NAME

Frida - Fast reliable interactive data analysis


SYNOPSIS

frida


NEWS

The first JCNS School on Data Analysis for Quasielastic Neutron Scattering with FRIDA will take place 28-29 April 2010 at Garching. Register now: http://www.jcns.info/DataAnalysis2010/


DESCRIPTION

Frida is software for scientific data analysis, primarily written for inelastic neutron scattering. Its data model is quite generic (data files consist of x-y-dy tables that are differentiated by z coordinates), so that it can be used for many different kinds of observational data.


INSTALLATION

Installation guide: http://iffwww.iff.kfa-juelich.de/~wuttke/doku/doku.php?id=frida:installation

Download location: http://www.messen-und-deuten.de/frida/src/

The old download location at sourceforge.net is no longer maintained (too much advertising, too slow, too complicated)

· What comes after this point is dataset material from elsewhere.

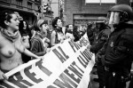 En las fotografías, mujeres con sus pechos desnudos en un acto de irreverencia, escapando a las formas de adecuación y control a los que se los ha sometido modelándolos, realzándolos, agrandándolos, mostrándolos, sujetándolos y escondiéndolos. Hoy sus pechos son resistencia política, visibilizan un cuerpo que históricamente ha sido expropiado, enajenado, secuestrado, controlado y dominado. Pechos que se atreven a decir basta, que rompen cadenas, que se muestran plácidamente decididos a ser, pechos que condenan la privatización, la cosificación, que niegan, resisten y eluden, pechos que reclaman justicia, pechos que desean la libertad, pechos de subversión, que demandan derechos.

Development snapshot: http://iffwww.iff.kfa-juelich.de/~wuttke/frida2.git/


DOCUMENTATION

Main web site: http://www.messen-und-deuten.de/frida/

Documentation wiki: http://iffwww.iff.kfa-juelich.de/~wuttke/doku/doku.php?id=frida:frida


SEE ALSO

slaw(1)


BUGS

See http://iffwww.iff.kfa-juelich.de/~wuttke/flyspray/index.php?project=2&do=index&switch=1.

Send bug reports to j.wuttke@fz-juelich.de.


HISTORY

Frida1, written in FORTRAN, was developed in the 1990s. The original name IDA was changed to Frida just because there were too many other open-source projects all called IDA.

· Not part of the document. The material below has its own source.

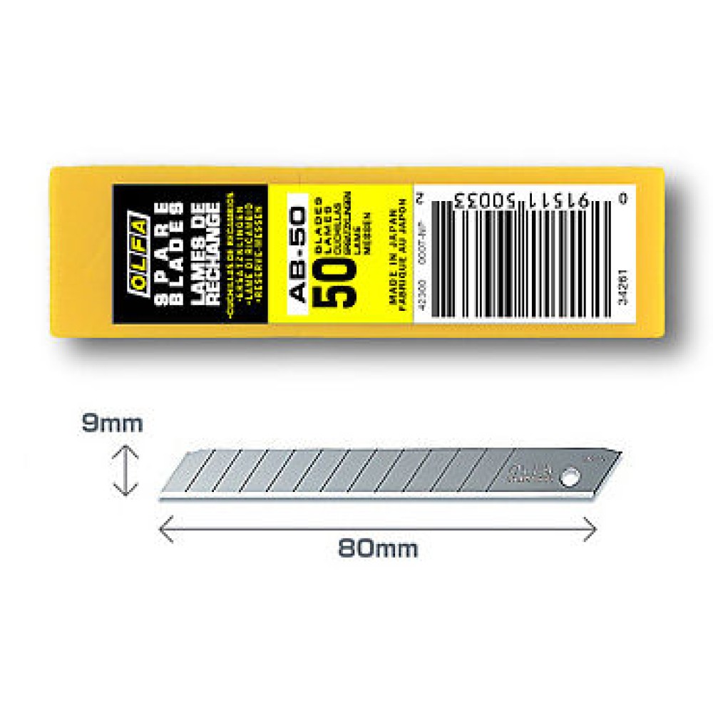 Olfa AB-50B - 9mm Standard Duty 50 Spare Blades - Blister Packed - 6pc

Frida2 is a rewrite in C++. It is the standard tool for data analysis at the backscattering spectrometer SPHERES. The more specific routines for time-of-flight spectroscopy are currently being ported from Frida1 to Frida2, so that Frida1 can be phased out by mid-2010.

Frida1 includes raw data reduction routines for numerous backscattering and time-of-flight spectrometers. These routines are not ported to Frida2, but to the separate raw-data reduction package SLAW: http://iffwww.iff.kfa-juelich.de/~wuttke/slaw/.


AUTHOR

Joachim Wuttke <j.wuttke@fz-juelich.de>


COPYING

Copyright (C) 2009- Joachim Wuttke.

Free use of this software is granted under the terms of the GNU General Public License (GPL).